Progress Report

Artificial generation of upstream maritime heavy rains to govern intense-rain-induced disasters over land (AMAGOI)[2] DNN for Weather

Progress until FY2023

1. Outline of the project

During FY2023, we conducted foundational studies through surveys and preliminary experiments on data-driven weather forecasting models. We outlined detailed prototypes and milestones for development in the upcoming fiscal years. Specifically, we decided to develop a proxy model based on the Vision Transformer due to its anticipated forecasting accuracy, the volume of training data, and the available computing resources (parallel GPU computers). Preliminary experiments using an existing model as a baseline informed our decision to explore extending the model. This extension will consider the trade-off between model weight reduction and prediction accuracy as a guideline for further development. Additionally, we reviewed and prepared the benchmark data necessary for model training and shared it across several related projects.

2. Outcome so far

From 21 related papers published since 2020, we systematically surveyed the elemental technologies used in each model, the employed datasets, evaluation metrics, and computing resources to understand current research trends. Based on this analysis, we determined the policy for developing several prototype models. As shown in Table 1, we selected a Vision Transformer and convolutional neural network with an attention mechanism. We decided on an autoregressive model using only the eight main physical quantities from atmospheric reanalysis data for one time step as input and output values.
Additionally, we studied variable compression at the time of input and conducted preliminary experiments. Specifically, in contrast to the existing model (ClimaX), which compresses all input variables into a single representative variable, we proposed a method to explicitly compress variables into multiple representative variables, as shown in Fig. 1. Preliminary experiments using a small-scale model demonstrated that the proposed method improved forecasting accuracy while reducing the number of model parameters by about 50% compared to the existing method.
Furthermore, we prepared a dataset of downscaled atmospheric reanalysis data (DSJRA-55) as a common benchmark for model development, in addition to the mesoscale model MSM, which is currently used in weather forecasting.

3. Future plans

Based on the results of preliminary studies and experiments, we will continue developing forecast models specifically for predicting heavy rainfall phenomena in the areas surrounding Japan. In particular, we will promote the integration of forecast models with different temporal resolutions (e.g., 1-hour, 3-hour, 6-hour, and 12-hour) and the development of forecast models that seamlessly link global to regional scales.
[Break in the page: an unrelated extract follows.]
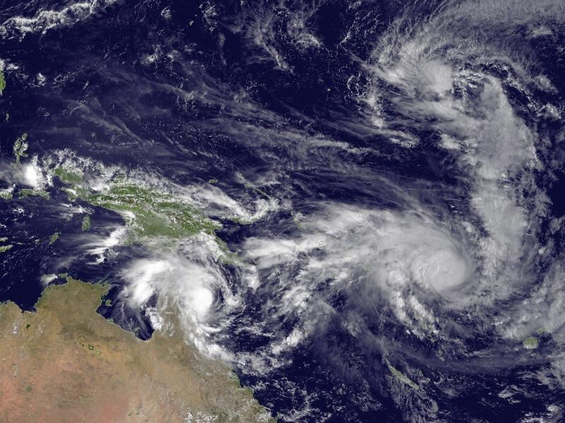 Zyklon Pam ganz rechts im Bild erreichte Sturmböen mit mehr als 300 Kilometern in der Stunde. Foto: Noaa

Additionally, we will develop fundamental technology for lightweight and highly accurate data-driven prediction models.
In addition to benchmark data, we will choose benchmark events (i.e., July 2018 heavy rain) using data-driven prediction models to advance our research.

Table 1
Table 1: Machine learning methods, elemental technologies and training data for prototype development.
Fig.1
Fig.1: Comparison of input variable handling between the existing model (ClimaX) and the proposed method.